How often should I feed anthurium clarinervium (velvet cardboard anthurium)?

Feed every 4-6 weeks through spring and summer with a balanced houseplant or orchid feed diluted to roughly half strength. As an epiphyte it is sensitive to salt build-up, so flush the pot with plain water occasionally and ease off feeding entirely in autumn and winter when growth naturally slows. Weak, sporadic feeding beats heavy doses, which can scorch the roots and brown the leaf margins. Feed every 4-6 weeks through spring and summer with a balanced houseplant or orchid feed diluted to roughly half strength. As an epiphyte it is sensitive to salt build-up, so flush the pot with plain water occasionally and ease off feeding entirely in autumn and winter when growth naturally slows. Weak, sporadic feeding beats heavy doses, which can scorch the roots and brown the leaf margins. The pattern that matters: feed little and often through active growth and budding — every 4-6 weeks — and ease right off during the rest period that triggers the next flush.

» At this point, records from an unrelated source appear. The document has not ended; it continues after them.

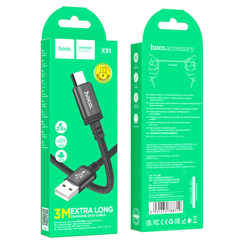 Hoco X91 Micro 3m 2.4A Charging Cable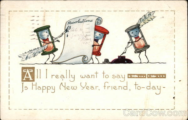 Front: Г- Resolutions Bi a заку nev HIP HORNYPR 13 say All I really want to Is Happy New Year, friend, to-day- ... Back: JAN 1 30 Whitney Made ET of S Sendrem Della Campbell Margeville Wash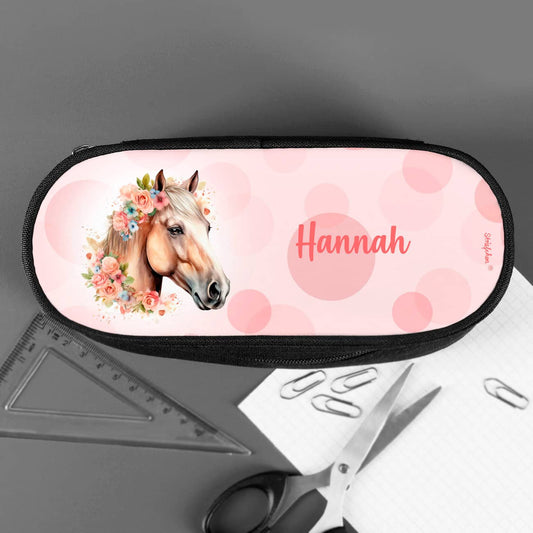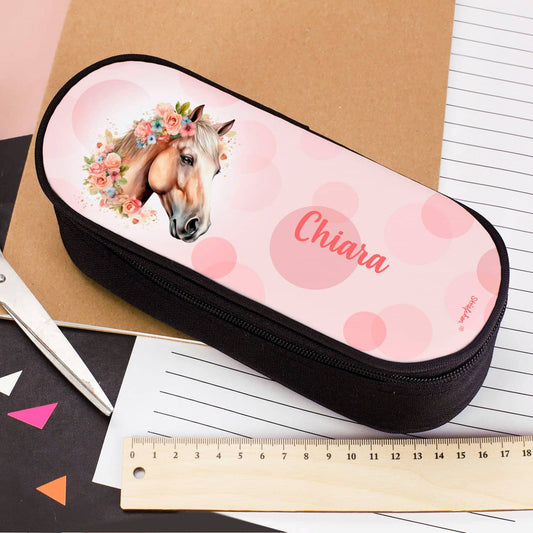 Federmäppchen mit Pferde-Motiv in Aquarelloptik, Blumen und Name

What strength of feed for anthurium clarinervium (velvet cardboard anthurium)?

Very dilute — quarter strength, the classic "weakly, weekly" approach for anthurium clarinervium (velvet cardboard anthurium). These plants have fine roots that scorch easily and a steady trickle beats an occasional strong dose for flowering.

What does over-feeding anthurium clarinervium (velvet cardboard anthurium) look like?

Lush green leaves but few or no flowers (too much nitrogen). Brown, scorched leaf tips and edges — a classic fine-root burn. White salt crust on the medium or pot, and stalled buds. Bud blast: buds forming then shrivelling and dropping. Using an ordinary high-nitrogen houseplant feed on anthurium clarinervium (velvet cardboard anthurium) is the headline mistake — you get a healthy-looking plant that simply refuses to bloom. The second is feeding through the rest period and breaking the dormancy cue it needs to set buds.

Should I flush the soil of anthurium clarinervium (velvet cardboard anthurium)?

Specialist and bloom feeds leave salts that scorch fine roots — flush anthurium clarinervium (velvet cardboard anthurium) thoroughly with plain water until it runs clear every 4-6 weeks in the feeding season, and always between feeds for orchids.